What if your company is massive? Well, the principle remains the same with much more small boats.
What can we learn from that metaphor?
“Structure” is the scaffolding supporting “Organization”. Looking for robustness isn’t bad, but it can make weak the whole structure when an unplanned event occurs.
“Responsiveness” is vital in a complex world because it is impossible to control everything. Every single entity has to have the capacity to respond to threats or opportunities.
Each team or boat is autonomous and empowered. Team´s activity bucket or backlog is a portfolio of activities. At the top level, enterprise portfolio is a consolidation of all team portfolios in a single view.
The border or the structure is the corporate identity that binds all speed boats together during the cruise.
In “big” responsive organization, the structure is at its lightest using only the required necessary boundaries cleaned from ineffective organizational debt.
And when a “black swan” occurs, each boat can separate from the cruiser in any form they need to respond to that emerging threat. And then gather again in the old way or a brand new one.
Sometimes, from the cruisers cabin perspective (governance) new opportunities to a spin-off, to sell a ship, to buy ships to improve the shape of the cruiser happen. Maybe you need to parallelize destinations; perhaps you need to be more significant for deep sea.
The farmer metaphor (source P. Niedschmidt)
A farmer has three cattle. In a sunny afternoon, the Knight came to visit the farmer and says:
“ Hey farmer, I saw that you have three cattle in your pen. My daughter is getting married this Sunday. I take two cattle.”
The unlucky farmer yelled, “You cannot do this to me!” And the knight answering “ I already did.”.
The farmer was furious and asked for an audition with the duke. He explains to the duke his concerns and the duke answering
“Farmer, this is not my business; you have to respect the chain of command and express your claims to your knight.”
Again the farmer was angry and went to Church.
At the Church, he explained his issue to the priest. And the priest answering:
“My child, prey, prey harder. God will give it to you back one hundred times.”
What can we learn from that metaphor?
- In a master and servant relationship, you always lose as a servant.
- On the top of the chain of command, you have the King. And the King is nominated by God.
- On the top of the Church, you find the pope. And the pope is nominated by God too.
- Both organizational models are deeply coded in our cultural DNA and let us believe that a corporate matrix (organigram) is the only logical solution to a structure.
That model has been hijacked in the Middle Age and Renaissance period when Dutch merchants started to deal with the Indies and China.
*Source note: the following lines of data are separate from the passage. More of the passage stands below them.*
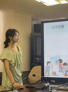 本次活动先由5位参赛同学分别进行十五分钟的无生试讲。参赛同学以认识自我、学会学习、人际交往等心理健康教育的重要主题进行教学展示,教学内容分别为覃书慧《我可以说“不”》、项含钰《不做欺负人的小怪物》、于冯《金牌调解员》、禹小彤《插上想象的翅膀》、张诗寅《人生拍卖会》。
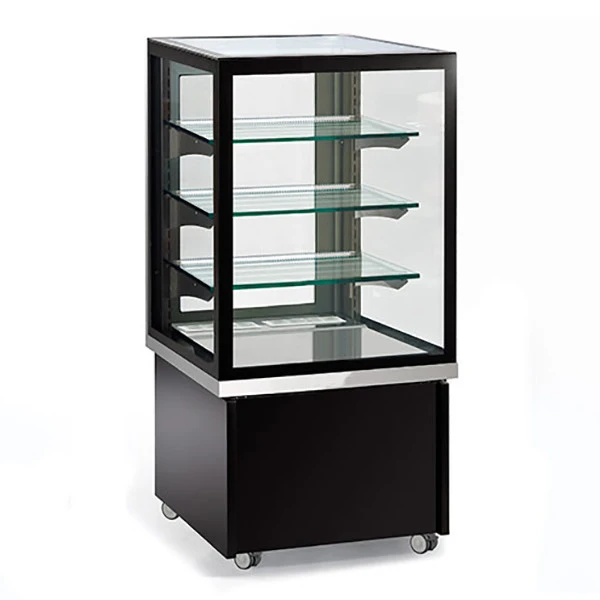 Vetrina ideale per esaltare i prodotti di pasticceria con telaio in lamiera di acciaio zincato e pannelli del basamento in legno multistrato nero. Ripiano di fondo in acciaio inox traforato di facile pulizia. Temperatura regolabile tra +3°C e +10°C. Doppia vetrocamera con isolamento ad aria secca e vetro superiore panoramico. Pannello comandi elettronico con retroilluminazione ad alto contrasto che permette di controllare termometro, illuminazione e modalità ECO. In dotazione di serie illuminazione a LED per ogni ripiano e 3 ripiani regolabili da 39,5×56,5 cm.
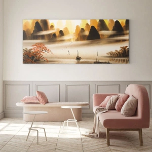Impression sur verre - Image sur verre - Paysage oriental avec bateaux et montagnes dans le brouillard - 70x50cm - Plus loin que l'Extrême-Orient - Décoration murale moderne pour le salon et la chambre ARTTOR
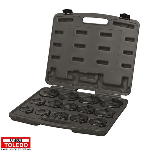 This 14-piece Toledo Crowfoot Wrench Set is designed for professional use in confined or hard-to-reach areas where standard spanners and sockets fall short. Featuring straight jaws and a 1/2” square drive, each piece delivers reliable torque and secure fitment on fasteners. Built for durability and convenience, the set is housed in a sturdy blow-moulded storage case for easy transport and organisation.
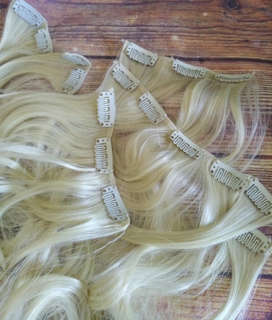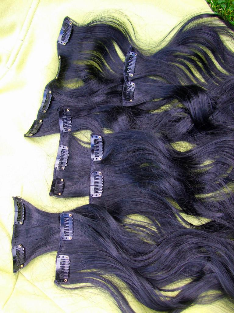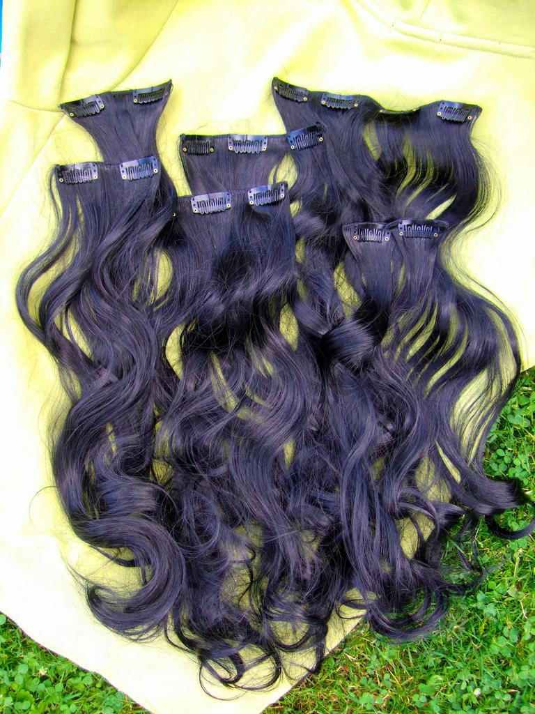 The synthetic wavy hair extensions match my hair texture and color perfectly :) They are 22 inches long and added a lot of volume to my hair :) They are synthetic but they look and feel just like human hair, they don't have that shiny fake look to them that a lot of other silicone hair extensions have. They have several colors to choose from. The clips are easy to open and close and slide into your hair, and are comfortable to wear for daily use.

In a very stereotypical manner, the merchants were able to gather to create the West Indies Company and the Hanseatic Ligue of free cities (North Germany) due to some structural weaknesses. The Church wanted to have more churches and was strongly focused on Reformation and Inquisition. The King wanted to extend his territories and was too occupied in wars against other kings.
That situation led to the creation of what we can tell modern global business.
Jason is a junior in the company. It is his first job after leaving university.
He is passionate about his job.
The only issue is to getting access to information. Jason has to ask his supervisor when he is available. And usually when the information required comes back to him, it is either too late or outdated.
As a junior, he is very respectful and accepts that situation. The only options he has are:
- To focus on its career
- To adopt the same attitude than his supervisor
- To use politics for his purpose and get closer to the higher authority
- To address the problem and get fired
- To leave the company
Jason has another more private passion. He loves to dance.
In the evening at the salsa dance course, he met Elsa.
Elsa is a beautiful and enthusiastic young woman.
While dancing together, they also get closer in their private life.
Elsa is the assistant of the CEO of the company where Jason is working.
They are sharing a lot and talking a lot. They’re talking a lot about the company in fact and that also during their free time.
After a while, Jason knew a lot more than his supervisor.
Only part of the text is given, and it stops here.